The infected neonate may develop early or late congenital syphilis – the disease is referred to as early if a child presents the symptoms before the age of 2, late congenital syphilis is diagnosed if a child develops characteristic symptoms after age 2 years.

Early congenital syphilis

  • Inflammation of the bones and cartilages (osteochondritis) or the periosteum (periostitis) with subsequent pseudoparalysis of the limbs;
  • Chorioretinitis (inflammation of the eye’s vascular coat and the retina) and iritis (inflammation of the iris);
  • A flu-like disease with hemorrhagic rhinitis;
  • Bullous lesions or macular rash on the palms and soles, popular lesions around the mouth and nose and in the diaper area;
  • Rash on the palms and/or the soles;
  • Jaundice;
  • Enlarged liver and spleen;
  • Pneumonitis (inflammation of the lung);
  • Generalized enlargement of the lymph nodes;
  • Central nervous system impairment;
  • Nephritic syndrome;
  • Growth retardation in the fetus, failure to thrive of the newborn baby;
  • Nasal discharge with blood;

Late congenital syphilis

  • Gummae involving the nose, septum, and palate;
  • Deafness;
  • Knees swelling (Clutton’s sign);
  • Protruding mandible;
  • Saddle nose;
  • Hutchinson teeth, mulberry molars;
  • Saber shins;
  • Hydrocephalus (enlarged cranium);
  • Interstitial keratitis (inflammation of the cornea);
  • Optic nerve atrophy, resulting in blindness;

Management and diagnosis

All pregnant women should be screened for sexually transmitted diseases including syphilis. If the rapid tests are suggestive of syphilis Treponema-specific tests to confirm the diagnosis are recommended.

After the delivery, the placenta should be examined in dark field to detect Treponema pallidum. Specific blood tests such as fluorescent treponemal antibody absorbed test (FTA-ABS), Venereal Disease Research Laboratory (VDRL) and rapid plasma reagin (RPR) test may be necessary to confirm or exclude syphilis. Cerebro-spinal fluid testing, ophthalmologic evaluation, and X-ray may also be necessary.

Neonates with no symptoms born to infected mothers should receive a single dose of an antibiotic. Infants who present with the signs of congenital syphilis require a course of antibiotics.

The tests should be repeated every 2-3 month and if necessary the treatment should be continued.

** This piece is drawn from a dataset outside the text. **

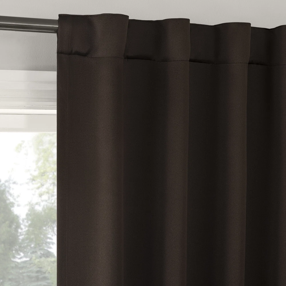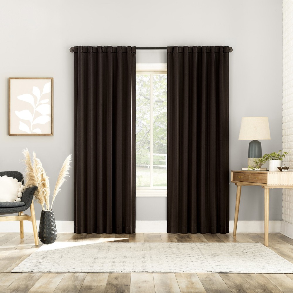 Product details Sun Zero Aria Curtain Panel Pairs provide the ultimate in light blocking technology coupled with magnetic closures to keep out even the harshest of light while bringing an elegant urban sophistication to any room of your home. Sun Zero Extreme Blackout technology is laboratory tested to block out 100% of light, reduce outside noise by up to 45%, and decrease energy lost through your windows by up to 50%. Comfort is optimized with thermal properties that help keep summer heat and winter chill out of your home. Hidden back tabs allow for easy slide-through installation on curtain rods up to 1.5" in diameter. Hang in your entertainment room to eliminate screen glare and reduce distracting outside noise, or in your bedroom for enhanced privacy and a sounder, more uninterrupted sleep. Pair includes 2 panels measuring 104" width by 84" length. Measure carefully before selecting your desired size and quantity. Machine wash cold on gentle cycle. Use non-chlorine bleach when needed. Tumble dry on low heat, using a cool iron as needed. Extreme Blackout technology with magnetic closure blocks out 100 percent of outside light Energy Efficient design reduces energy lost through your windows by up to 50 percent Thermal properties help keep summer heat and winter chill out of your home Noise reduction by up to 45 percent helps you get a sounder, more uninterrupted sleep Hidden back tabs fit curtain rods up to 1.5" in diameter Pair includes two (2) panels measuring 52" w each. Measure carefully prior to purchase. Curtain rod not included. Double rod may be needed for layering.

Congenital syphilis prevention

The best way to prevent the disease is to detect the diseases and provide the adequate treatment for the mother-to-be as early as possible – respectively, a pregnant woman should be tested for venereal diseases during the 1st trimester and if needed retested later and before the delivery. Erythromycin and tetracycline are contraindicated for pregnant women.